Read through the lines below and copy the ones holding the string "This".

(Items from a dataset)
#####

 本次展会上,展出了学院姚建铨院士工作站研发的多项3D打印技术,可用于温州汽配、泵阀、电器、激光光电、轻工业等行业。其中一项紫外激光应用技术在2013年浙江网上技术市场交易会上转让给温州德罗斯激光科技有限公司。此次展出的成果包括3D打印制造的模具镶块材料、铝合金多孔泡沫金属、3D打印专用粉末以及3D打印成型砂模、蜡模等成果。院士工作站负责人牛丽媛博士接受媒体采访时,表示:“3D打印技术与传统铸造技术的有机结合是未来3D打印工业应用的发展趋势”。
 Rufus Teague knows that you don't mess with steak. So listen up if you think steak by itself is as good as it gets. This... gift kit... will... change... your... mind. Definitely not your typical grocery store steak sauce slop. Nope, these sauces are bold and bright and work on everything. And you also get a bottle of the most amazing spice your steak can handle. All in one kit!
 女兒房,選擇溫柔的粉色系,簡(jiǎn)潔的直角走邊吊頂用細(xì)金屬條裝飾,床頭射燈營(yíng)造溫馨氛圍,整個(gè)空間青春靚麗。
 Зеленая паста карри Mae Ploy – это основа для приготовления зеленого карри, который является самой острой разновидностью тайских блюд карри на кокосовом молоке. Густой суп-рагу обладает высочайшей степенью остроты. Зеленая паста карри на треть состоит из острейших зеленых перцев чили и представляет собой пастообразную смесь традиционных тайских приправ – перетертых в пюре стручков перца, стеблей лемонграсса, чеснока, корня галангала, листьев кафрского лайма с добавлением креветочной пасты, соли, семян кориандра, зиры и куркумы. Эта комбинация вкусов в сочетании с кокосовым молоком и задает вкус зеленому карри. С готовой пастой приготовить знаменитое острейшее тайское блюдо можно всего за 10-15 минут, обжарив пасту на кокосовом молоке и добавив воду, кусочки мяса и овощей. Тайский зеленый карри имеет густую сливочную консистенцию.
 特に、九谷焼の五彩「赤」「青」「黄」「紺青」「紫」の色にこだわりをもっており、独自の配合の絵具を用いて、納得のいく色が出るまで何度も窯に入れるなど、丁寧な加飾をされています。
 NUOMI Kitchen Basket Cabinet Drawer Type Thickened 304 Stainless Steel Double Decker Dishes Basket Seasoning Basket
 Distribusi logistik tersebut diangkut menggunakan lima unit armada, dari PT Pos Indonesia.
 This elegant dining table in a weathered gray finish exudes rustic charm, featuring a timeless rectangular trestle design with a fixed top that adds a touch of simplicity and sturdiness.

#####

■ Result below:
 Rufus Teague knows that you don't mess with steak. So listen up if you think steak by itself is as good as it gets. This... gift kit... will... change... your... mind. Definitely not your typical grocery store steak sauce slop. Nope, these sauces are bold and bright and work on everything. And you also get a bottle of the most amazing spice your steak can handle. All in one kit!
 This elegant dining table in a weathered gray finish exudes rustic charm, featuring a timeless rectangular trestle design with a fixed top that adds a touch of simplicity and sturdiness.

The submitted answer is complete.